ABOUT THIS TASK:
Once the line holding "1 kép PRINTFASHION" is found in the entries below, transcribe exactly every line up to and including the one holding "3、在关卡内看到散落的方块牌", but leave out the pictures.

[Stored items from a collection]
# # # #

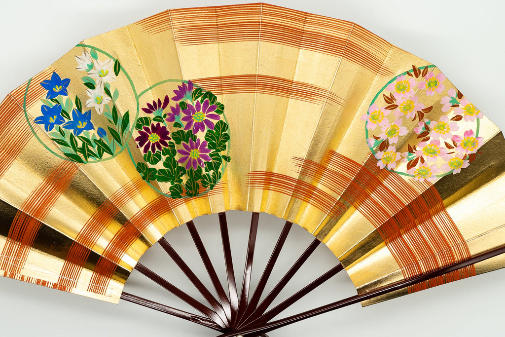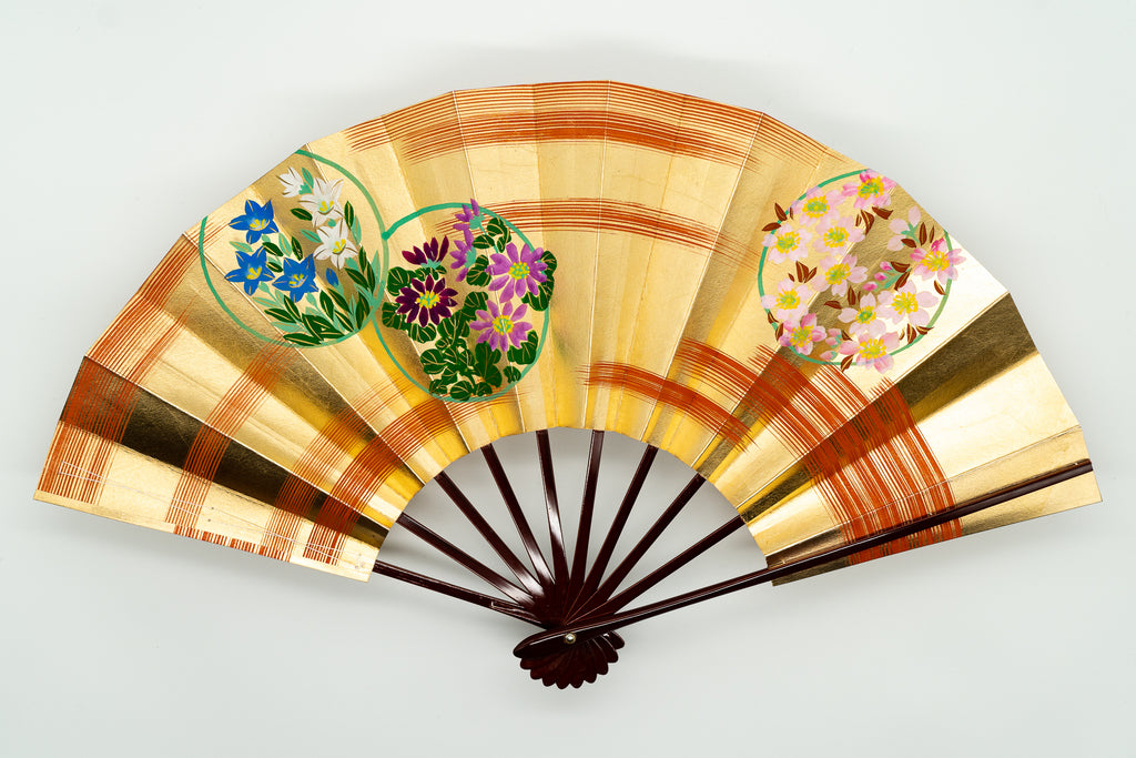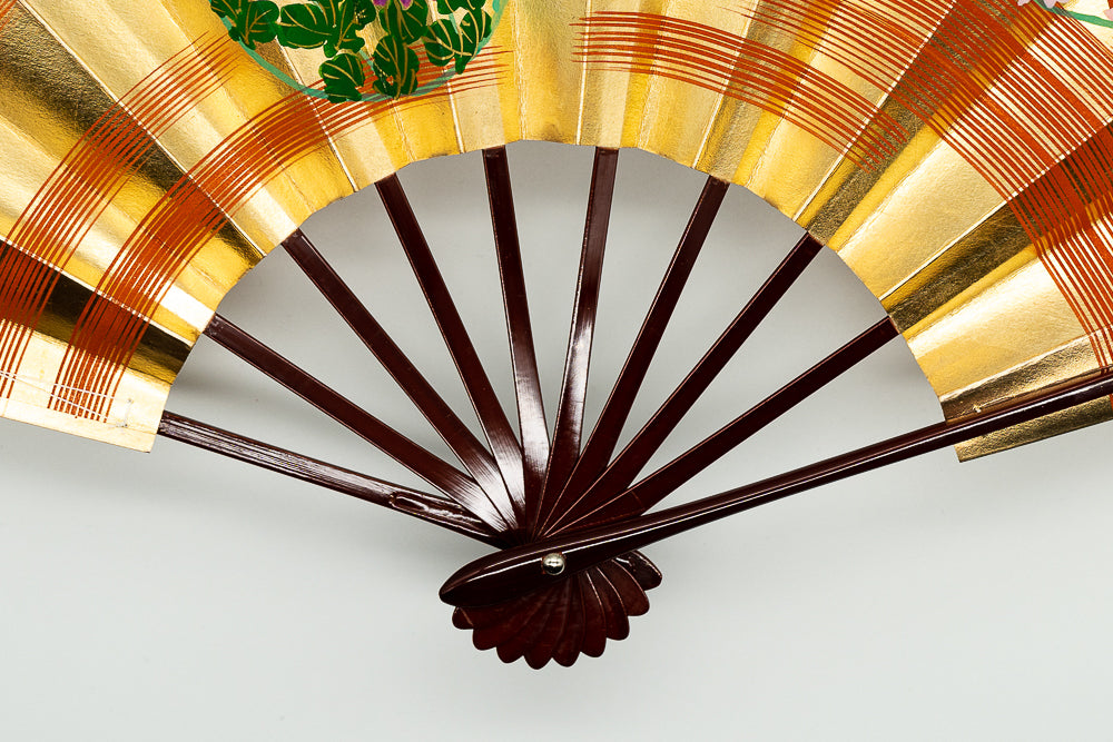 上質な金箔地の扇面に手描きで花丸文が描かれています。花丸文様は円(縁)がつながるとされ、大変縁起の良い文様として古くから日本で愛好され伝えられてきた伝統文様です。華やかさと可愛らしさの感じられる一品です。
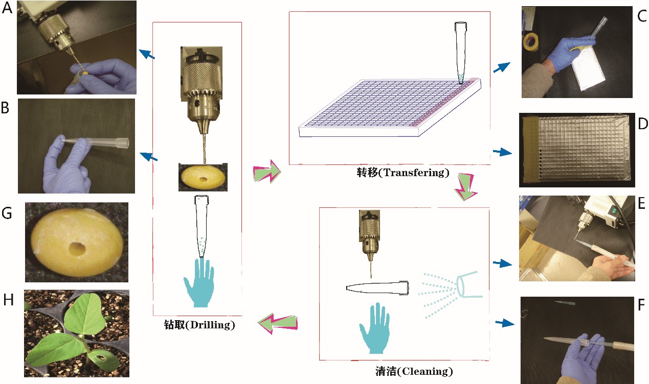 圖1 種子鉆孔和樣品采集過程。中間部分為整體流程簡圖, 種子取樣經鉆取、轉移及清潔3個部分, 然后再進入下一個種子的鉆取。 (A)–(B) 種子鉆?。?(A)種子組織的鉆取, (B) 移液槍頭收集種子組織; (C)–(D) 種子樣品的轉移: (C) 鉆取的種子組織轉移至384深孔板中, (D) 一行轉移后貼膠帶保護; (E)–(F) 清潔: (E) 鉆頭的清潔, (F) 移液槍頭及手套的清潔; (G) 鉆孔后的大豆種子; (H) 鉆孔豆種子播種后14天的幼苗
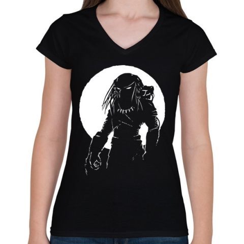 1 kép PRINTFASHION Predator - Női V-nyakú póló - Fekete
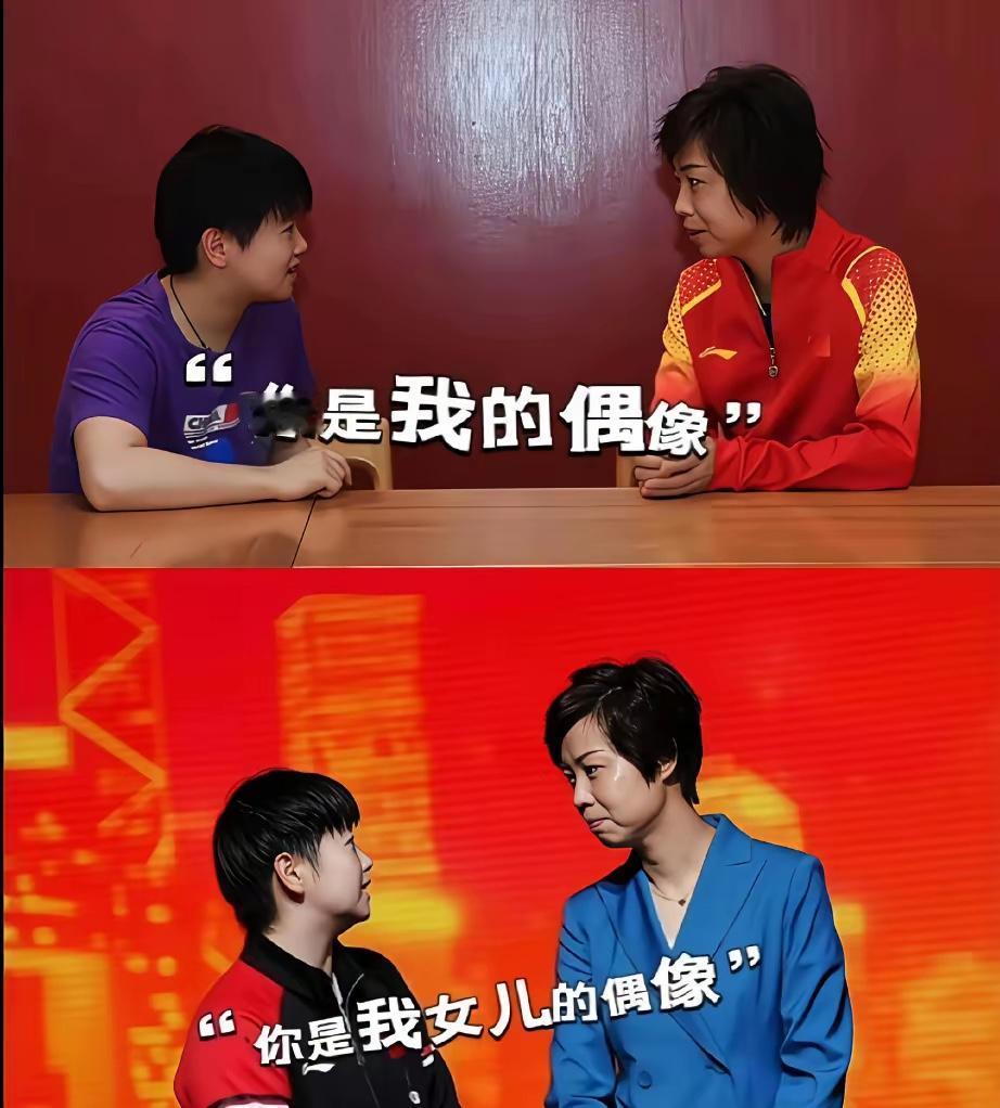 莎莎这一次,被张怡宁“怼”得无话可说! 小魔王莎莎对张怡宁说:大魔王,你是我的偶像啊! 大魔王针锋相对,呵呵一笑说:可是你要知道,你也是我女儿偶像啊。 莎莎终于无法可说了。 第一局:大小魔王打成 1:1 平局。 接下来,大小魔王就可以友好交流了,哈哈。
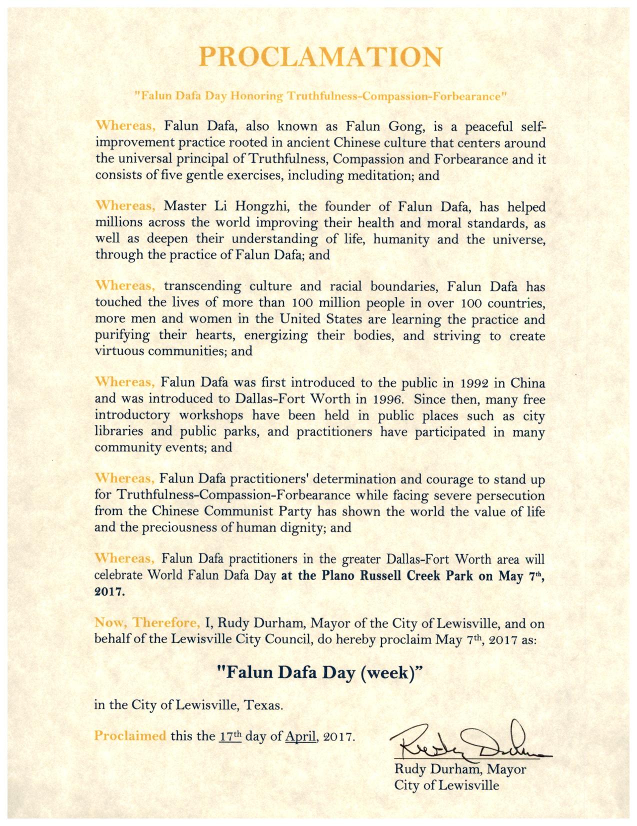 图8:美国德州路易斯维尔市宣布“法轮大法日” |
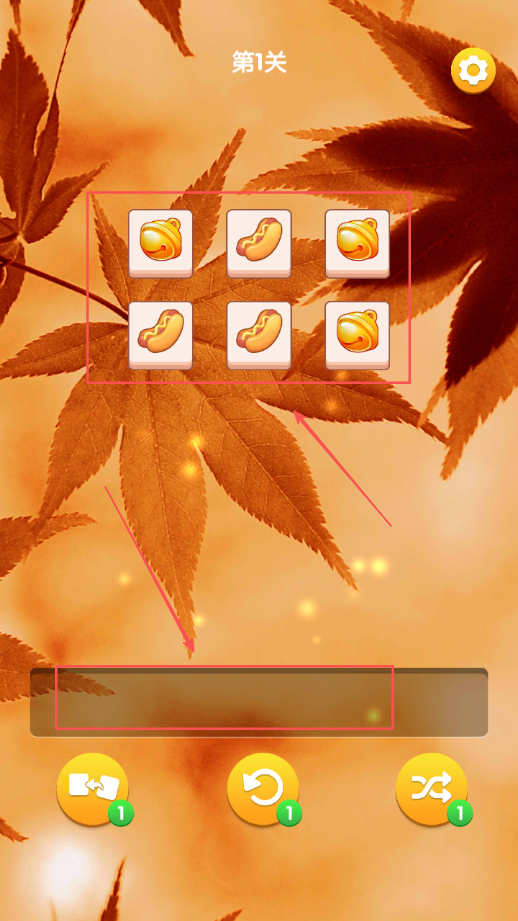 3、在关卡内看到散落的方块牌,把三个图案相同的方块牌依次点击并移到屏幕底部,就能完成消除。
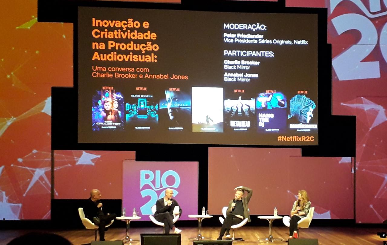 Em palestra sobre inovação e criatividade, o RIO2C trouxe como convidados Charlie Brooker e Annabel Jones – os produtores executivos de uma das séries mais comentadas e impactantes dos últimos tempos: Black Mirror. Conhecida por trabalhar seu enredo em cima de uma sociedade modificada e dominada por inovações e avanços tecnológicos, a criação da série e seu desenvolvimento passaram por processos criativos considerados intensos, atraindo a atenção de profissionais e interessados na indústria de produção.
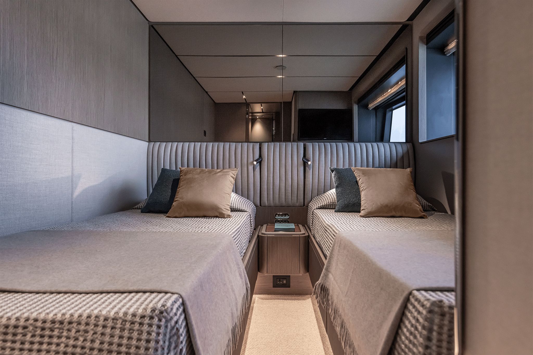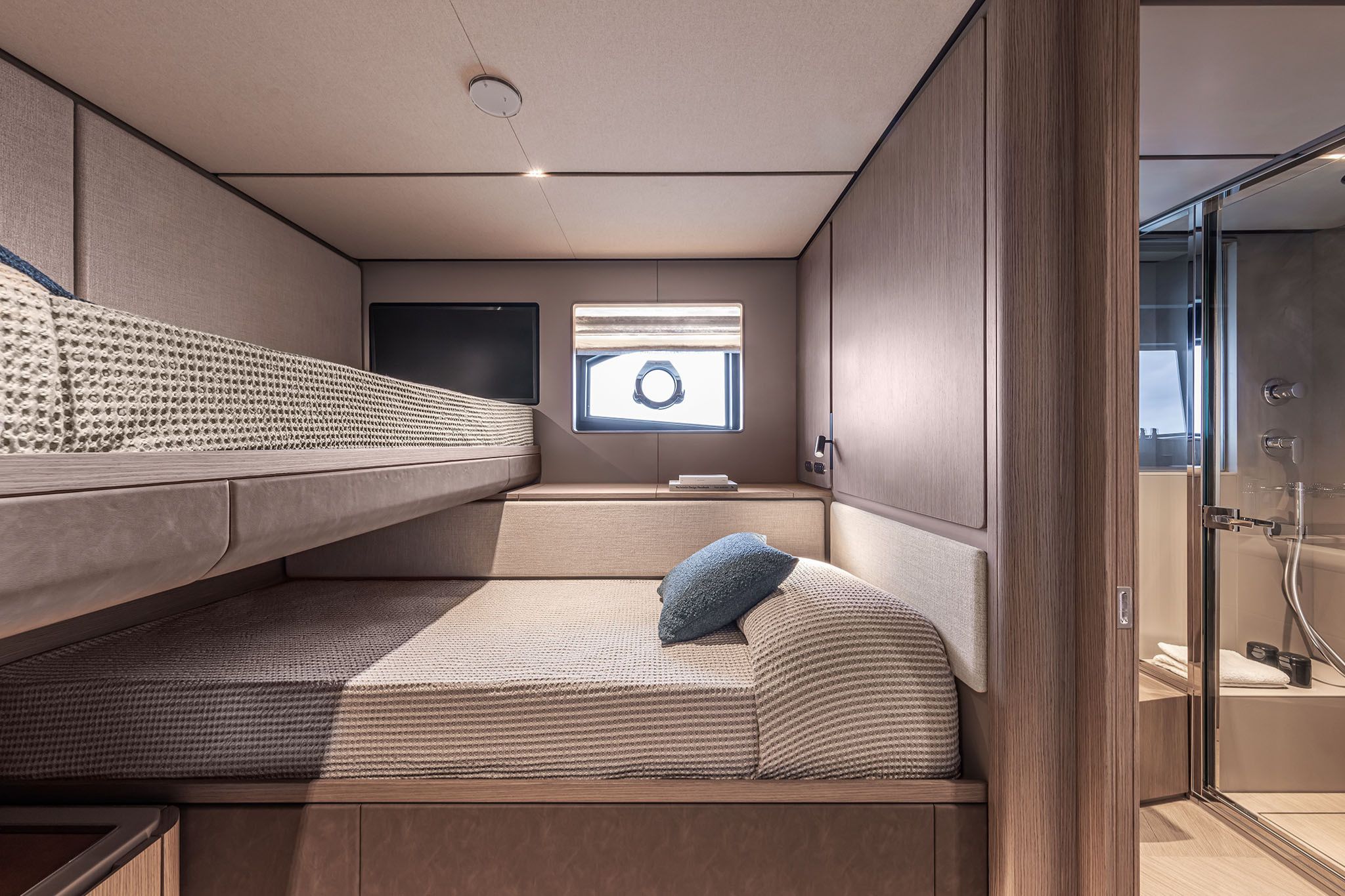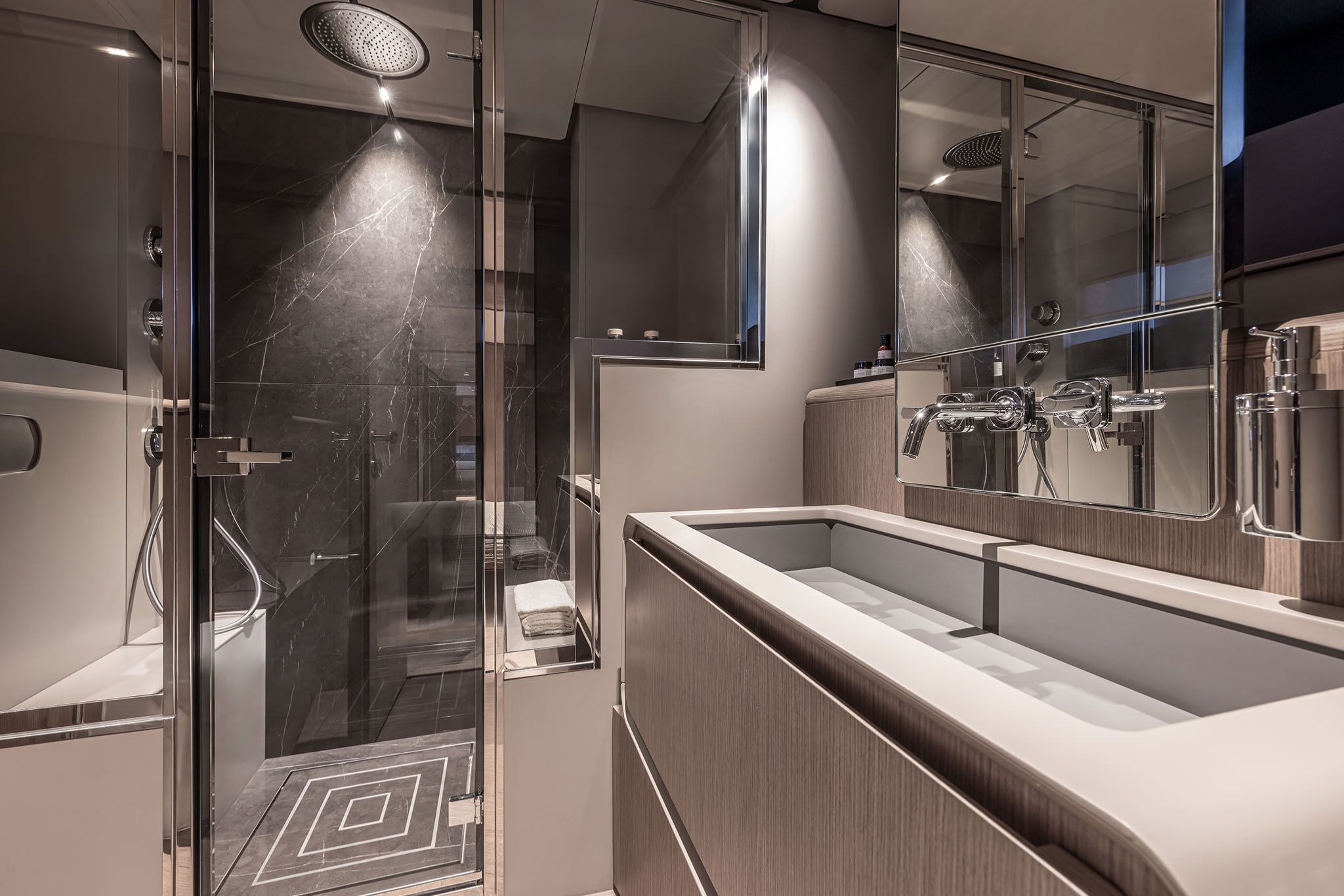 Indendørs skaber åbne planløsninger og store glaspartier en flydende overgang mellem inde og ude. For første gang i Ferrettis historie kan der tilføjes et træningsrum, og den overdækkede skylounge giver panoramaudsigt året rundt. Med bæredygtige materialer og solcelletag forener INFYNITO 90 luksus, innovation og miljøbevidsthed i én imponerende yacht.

# # # #

THE ANSWER:
 1 kép PRINTFASHION Predator - Női V-nyakú póló - Fekete
 莎莎这一次,被张怡宁“怼”得无话可说! 小魔王莎莎对张怡宁说:大魔王,你是我的偶像啊! 大魔王针锋相对,呵呵一笑说:可是你要知道,你也是我女儿偶像啊。 莎莎终于无法可说了。 第一局:大小魔王打成 1:1 平局。 接下来,大小魔王就可以友好交流了,哈哈。
 图8:美国德州路易斯维尔市宣布“法轮大法日” |
 3、在关卡内看到散落的方块牌,把三个图案相同的方块牌依次点击并移到屏幕底部,就能完成消除。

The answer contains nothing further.